### Task material

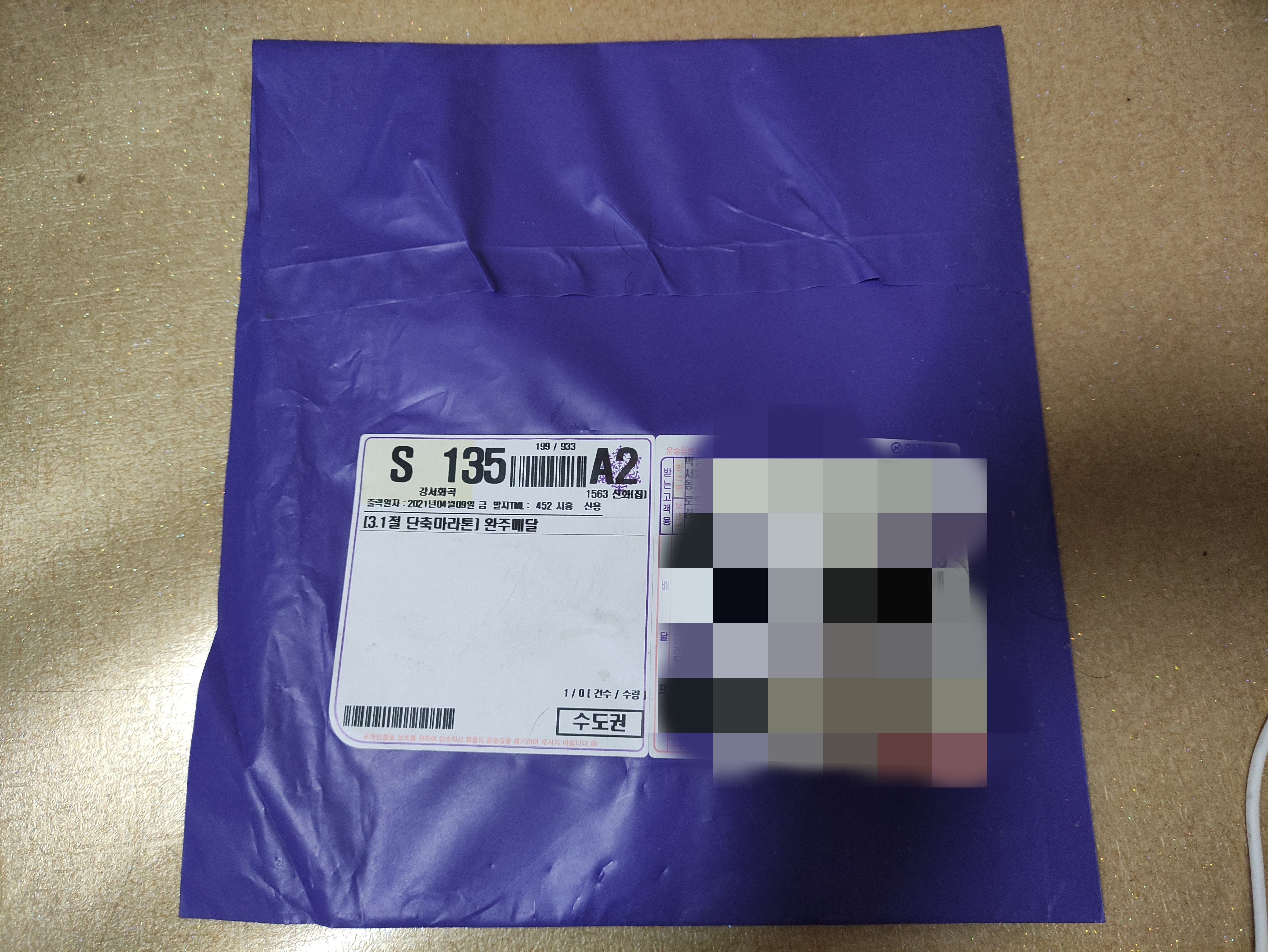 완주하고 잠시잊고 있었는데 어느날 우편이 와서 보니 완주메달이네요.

######
### Task material

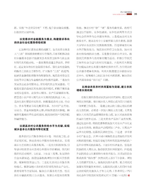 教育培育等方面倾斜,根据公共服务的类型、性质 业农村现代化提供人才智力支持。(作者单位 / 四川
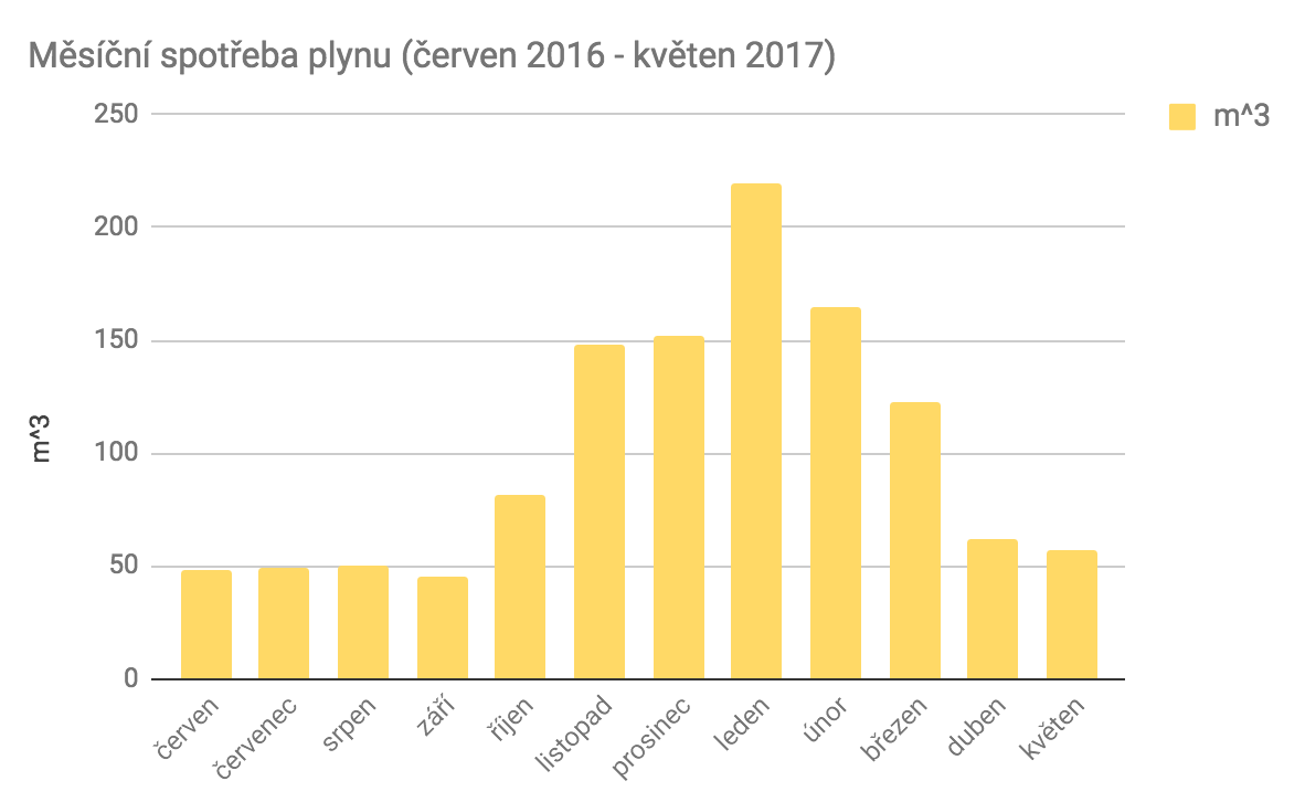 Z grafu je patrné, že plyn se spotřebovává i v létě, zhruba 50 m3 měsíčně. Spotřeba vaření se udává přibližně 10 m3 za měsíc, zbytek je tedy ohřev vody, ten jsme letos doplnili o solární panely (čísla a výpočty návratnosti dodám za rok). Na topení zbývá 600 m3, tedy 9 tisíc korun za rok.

######
### Task material

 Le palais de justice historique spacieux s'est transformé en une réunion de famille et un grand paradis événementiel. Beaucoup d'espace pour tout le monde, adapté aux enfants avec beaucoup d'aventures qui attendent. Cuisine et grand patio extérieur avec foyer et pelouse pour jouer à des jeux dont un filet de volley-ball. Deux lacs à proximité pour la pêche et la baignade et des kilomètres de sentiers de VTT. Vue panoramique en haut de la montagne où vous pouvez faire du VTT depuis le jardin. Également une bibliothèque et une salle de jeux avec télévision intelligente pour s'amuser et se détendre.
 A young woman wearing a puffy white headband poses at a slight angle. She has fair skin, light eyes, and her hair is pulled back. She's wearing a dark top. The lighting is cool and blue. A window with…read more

######

_What you will do_:
In the listing above, find the line with "教育培育等方面倾斜,根据公共服务的类型、性质 业农村现代化提供人才智力支持。(作者单位 /" and the line with "Z grafu je patrné, že". Transcribe those two and everything between, exactly, leaving out pictures.

_Your response_:
 教育培育等方面倾斜,根据公共服务的类型、性质 业农村现代化提供人才智力支持。(作者单位 / 四川
 Z grafu je patrné, že plyn se spotřebovává i v létě, zhruba 50 m3 měsíčně. Spotřeba vaření se udává přibližně 10 m3 za měsíc, zbytek je tedy ohřev vody, ten jsme letos doplnili o solární panely (čísla a výpočty návratnosti dodám za rok). Na topení zbývá 600 m3, tedy 9 tisíc korun za rok.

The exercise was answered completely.